[Available data Boundary: Start]

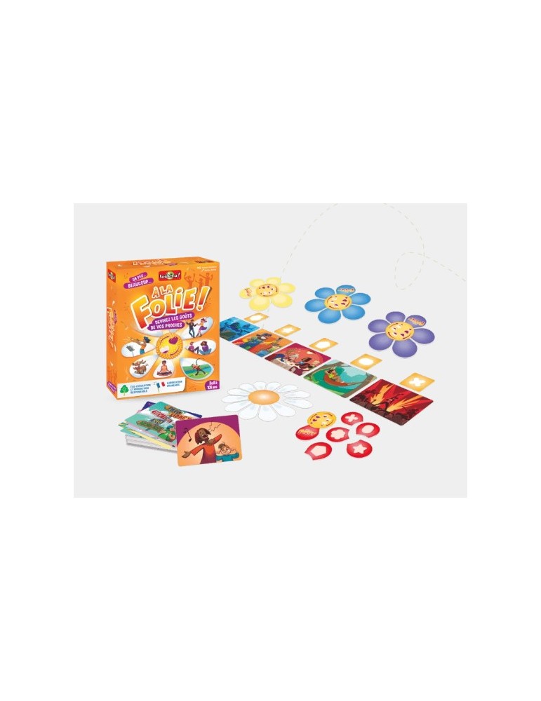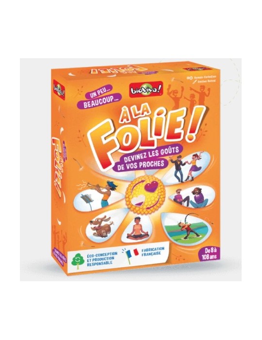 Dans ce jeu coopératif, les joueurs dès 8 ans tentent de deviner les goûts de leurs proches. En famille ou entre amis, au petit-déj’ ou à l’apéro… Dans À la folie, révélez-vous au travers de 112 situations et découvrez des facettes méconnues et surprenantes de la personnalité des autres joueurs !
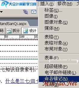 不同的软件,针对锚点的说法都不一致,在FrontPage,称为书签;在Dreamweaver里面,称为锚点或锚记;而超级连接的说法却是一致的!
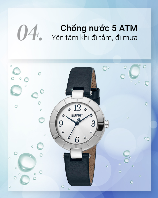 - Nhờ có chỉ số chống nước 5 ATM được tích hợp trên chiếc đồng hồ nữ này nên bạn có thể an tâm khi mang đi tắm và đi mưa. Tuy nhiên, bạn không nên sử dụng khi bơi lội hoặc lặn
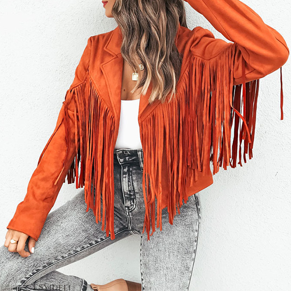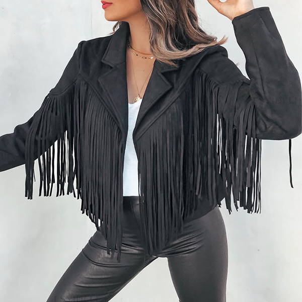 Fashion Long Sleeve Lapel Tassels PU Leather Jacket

[Available data Boundary: End]
[Available data Boundary: Start]

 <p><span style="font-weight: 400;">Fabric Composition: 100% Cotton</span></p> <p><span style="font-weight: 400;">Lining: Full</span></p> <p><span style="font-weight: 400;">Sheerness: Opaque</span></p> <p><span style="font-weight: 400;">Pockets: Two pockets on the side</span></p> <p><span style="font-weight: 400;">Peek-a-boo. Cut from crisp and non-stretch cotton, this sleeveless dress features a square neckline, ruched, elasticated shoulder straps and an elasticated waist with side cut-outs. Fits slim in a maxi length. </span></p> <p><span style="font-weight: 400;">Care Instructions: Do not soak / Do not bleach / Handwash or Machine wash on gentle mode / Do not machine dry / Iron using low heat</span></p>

[Available data Boundary: End]
[Available data Boundary: Start]

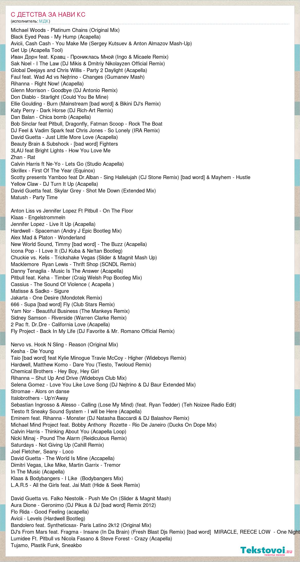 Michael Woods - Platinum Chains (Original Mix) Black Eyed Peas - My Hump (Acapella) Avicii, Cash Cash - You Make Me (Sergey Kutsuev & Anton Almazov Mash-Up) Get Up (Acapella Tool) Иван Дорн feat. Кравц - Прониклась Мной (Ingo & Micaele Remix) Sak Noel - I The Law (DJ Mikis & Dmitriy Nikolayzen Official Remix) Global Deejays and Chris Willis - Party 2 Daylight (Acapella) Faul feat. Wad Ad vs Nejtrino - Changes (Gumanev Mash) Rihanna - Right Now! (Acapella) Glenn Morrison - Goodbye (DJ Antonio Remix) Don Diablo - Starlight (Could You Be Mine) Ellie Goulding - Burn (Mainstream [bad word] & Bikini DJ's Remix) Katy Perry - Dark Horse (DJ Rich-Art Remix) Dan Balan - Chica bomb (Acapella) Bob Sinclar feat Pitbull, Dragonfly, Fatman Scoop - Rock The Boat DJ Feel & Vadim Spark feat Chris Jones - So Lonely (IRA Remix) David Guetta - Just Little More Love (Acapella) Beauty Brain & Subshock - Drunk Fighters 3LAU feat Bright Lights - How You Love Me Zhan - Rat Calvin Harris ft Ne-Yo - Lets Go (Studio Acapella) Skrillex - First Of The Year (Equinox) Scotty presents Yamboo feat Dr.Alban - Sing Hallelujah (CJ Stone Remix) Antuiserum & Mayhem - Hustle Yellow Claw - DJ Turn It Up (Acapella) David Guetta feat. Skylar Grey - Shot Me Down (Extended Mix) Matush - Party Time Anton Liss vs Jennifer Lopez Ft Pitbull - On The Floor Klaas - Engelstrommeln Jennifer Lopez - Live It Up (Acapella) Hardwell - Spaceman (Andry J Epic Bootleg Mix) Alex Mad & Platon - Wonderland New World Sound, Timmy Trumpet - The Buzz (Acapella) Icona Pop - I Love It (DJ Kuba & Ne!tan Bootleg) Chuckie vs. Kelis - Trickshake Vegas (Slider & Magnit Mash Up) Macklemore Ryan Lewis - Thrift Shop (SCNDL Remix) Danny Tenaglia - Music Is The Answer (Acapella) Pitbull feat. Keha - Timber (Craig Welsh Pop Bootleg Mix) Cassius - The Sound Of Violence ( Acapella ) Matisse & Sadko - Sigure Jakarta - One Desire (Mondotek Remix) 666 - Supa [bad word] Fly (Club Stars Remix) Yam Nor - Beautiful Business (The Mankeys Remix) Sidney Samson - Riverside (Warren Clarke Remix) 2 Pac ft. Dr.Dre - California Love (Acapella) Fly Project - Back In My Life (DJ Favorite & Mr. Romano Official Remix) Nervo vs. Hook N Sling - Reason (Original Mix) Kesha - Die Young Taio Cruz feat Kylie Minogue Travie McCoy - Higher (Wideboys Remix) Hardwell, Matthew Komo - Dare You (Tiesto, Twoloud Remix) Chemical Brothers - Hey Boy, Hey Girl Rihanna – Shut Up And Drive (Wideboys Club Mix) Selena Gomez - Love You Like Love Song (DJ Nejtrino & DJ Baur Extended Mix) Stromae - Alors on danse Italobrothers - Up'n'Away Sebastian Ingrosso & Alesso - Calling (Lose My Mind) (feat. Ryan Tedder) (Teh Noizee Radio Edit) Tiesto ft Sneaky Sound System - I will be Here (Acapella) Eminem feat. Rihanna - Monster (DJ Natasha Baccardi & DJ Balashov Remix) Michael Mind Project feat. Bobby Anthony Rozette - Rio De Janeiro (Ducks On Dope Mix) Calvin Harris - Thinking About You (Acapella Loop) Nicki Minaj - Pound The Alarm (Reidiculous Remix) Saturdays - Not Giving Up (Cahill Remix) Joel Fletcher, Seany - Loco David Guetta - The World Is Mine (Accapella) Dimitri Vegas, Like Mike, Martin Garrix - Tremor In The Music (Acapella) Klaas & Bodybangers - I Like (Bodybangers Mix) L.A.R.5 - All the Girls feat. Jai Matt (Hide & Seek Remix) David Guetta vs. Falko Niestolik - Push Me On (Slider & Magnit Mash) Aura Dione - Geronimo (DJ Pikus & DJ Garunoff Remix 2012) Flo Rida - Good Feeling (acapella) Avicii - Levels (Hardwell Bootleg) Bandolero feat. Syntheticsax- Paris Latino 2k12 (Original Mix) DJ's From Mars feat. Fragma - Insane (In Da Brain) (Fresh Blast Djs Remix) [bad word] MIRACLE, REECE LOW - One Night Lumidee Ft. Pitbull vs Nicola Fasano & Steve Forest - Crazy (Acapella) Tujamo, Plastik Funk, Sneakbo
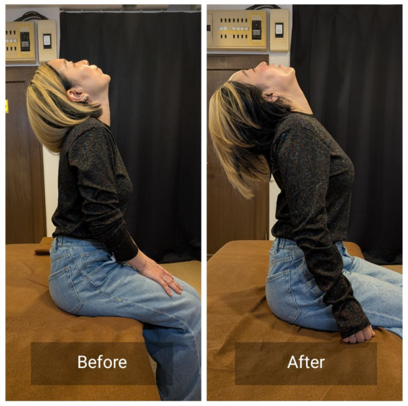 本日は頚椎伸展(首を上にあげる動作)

[Available data Boundary: End]

Problem to work on = Take the material above and output only the lines from the one that contains "Dans ce jeu" through the one that contains "Fashion Long Sleeve", ends included and images left out.

Answer below =
 Dans ce jeu coopératif, les joueurs dès 8 ans tentent de deviner les goûts de leurs proches. En famille ou entre amis, au petit-déj’ ou à l’apéro… Dans À la folie, révélez-vous au travers de 112 situations et découvrez des facettes méconnues et surprenantes de la personnalité des autres joueurs !
 不同的软件,针对锚点的说法都不一致,在FrontPage,称为书签;在Dreamweaver里面,称为锚点或锚记;而超级连接的说法却是一致的!
 - Nhờ có chỉ số chống nước 5 ATM được tích hợp trên chiếc đồng hồ nữ này nên bạn có thể an tâm khi mang đi tắm và đi mưa. Tuy nhiên, bạn không nên sử dụng khi bơi lội hoặc lặn
 Fashion Long Sleeve Lapel Tassels PU Leather Jacket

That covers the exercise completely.